Comme c’est drôle la vie, tout de même ! Des années – quelquefois – se suivent, se succèdent bêtement sans apporter quoi que ce soit de nouveau à votre destinée, si ce n’est que de rogner chaque jour, un peu, les ailes de ce stupide et charmant volatile qu’on appelle l’Espérance et puis, d’un coup, voilà qu’en un instant tout est changé ! Le marécage de votre plate existence se transforme brusquement en tumultueux océan. Des lueurs fulgurent le gris terne de votre firmament et des ailes, croirait-on, vous poussent aux omoplates.
Alphonse Allais, L’Affaire Blaireau, FeedBooks.
Pendant des semaines, je n’ai mangé que des liserons d’eau, qui est aussi la nourriture des cochons. J’ai aussi été celui qui mange des épluchures.
Je me souviens avoir vu, sur d’autres images d’archives, des cochons se promener dans la Bibliothèque nationale de Phnom Penh, vidée par les Khmers rouges. Ils bousculaient des chaises et piétinaient des épluchures. Les cochons remplaçaient les livres. Et nous remplacions les cochons.
Rithy Panh, L’élimination, Grasset, p. 84.
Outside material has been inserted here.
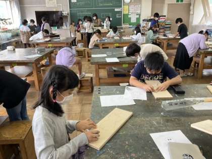 小4の図工では、ノコギリを使って作品を作ります。

C’est un peu comme si, la mort nous attendant dans l’escalier, il fallait vite trouver ce qui va constituer un souvenir de la vie dans l’éternité de la planche.
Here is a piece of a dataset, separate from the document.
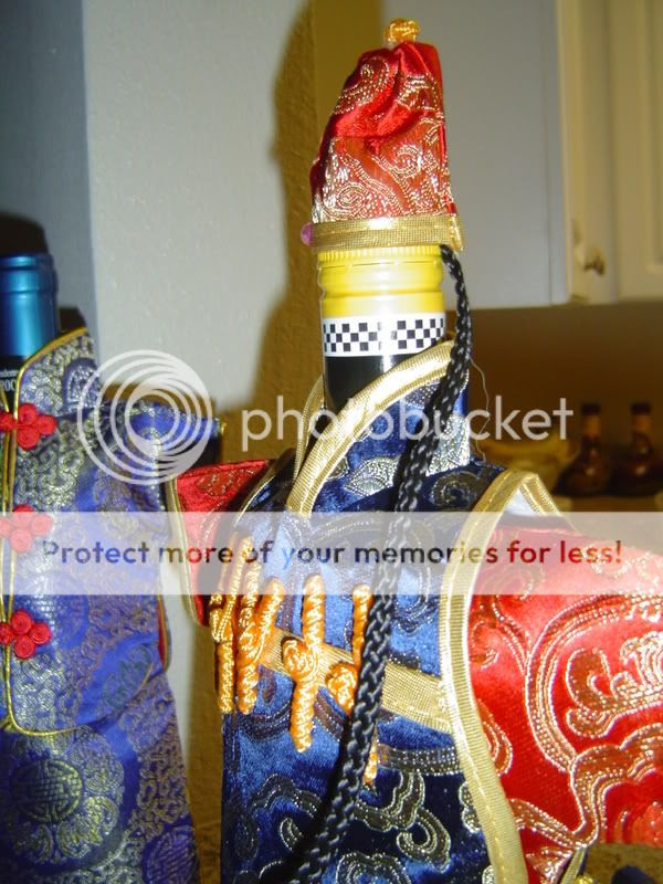 ...literally. How absolutely adorable are these kimono wine holders? I received these as a gift and they instantly made me smile. The little man has a hair braid and his lady friend looks slender in her slim fitting 2 piece kimono.

Georges Perros, Papiers collés (3), Gallimard, p. 20.
Nous nous sommes retrouvés en début d’après-midi pour Jean-Claude. La cérémonie avait lieu à seize heures à Tour-en-Sologne.
On est plutôt contents de se voir, on en est plus à être triste. On est si peu nombreux.
La sonnette retentit. Ma tente se penche à la fenêtre et les invite à monter. Ils sont trois, une femme et deux hommes, dans des costumes du dimanche tirés du vestiaire de l’Armée du Salut. Un petit quelque chose d’alcoolique dans les traits ; des amis qu’il avait connus, là-bas, chez le ferrailleur.
Au total, on est huit.
À force, les enterrements, ces dernières années, sont devenus des opérations de survie, même à mon âge. Survivre aux températures en hiver, à taper du talon autour des gars des entreprises de pompes funèbres, survivre aux canicules en été dans les rallonges de cimetières où les arbres n’ont pas eu le temps de pousser, se sentir survivre, enfin, d’être encore là.
Emmanuelle Guattari, Ciels de Loire, Mercure de France, p. 110.
L’orgueilleux donne l’impression d’être toujours monté à cheval sur lui-même.
José Camón Aznar, Aphorismes du solitaire.
Malgré tout, les cages fournissent, à peu près, un rayon de soleil par barreau.
Baldomero Fernández Moreno, « Air aphoristique », Le papillon et la poutre.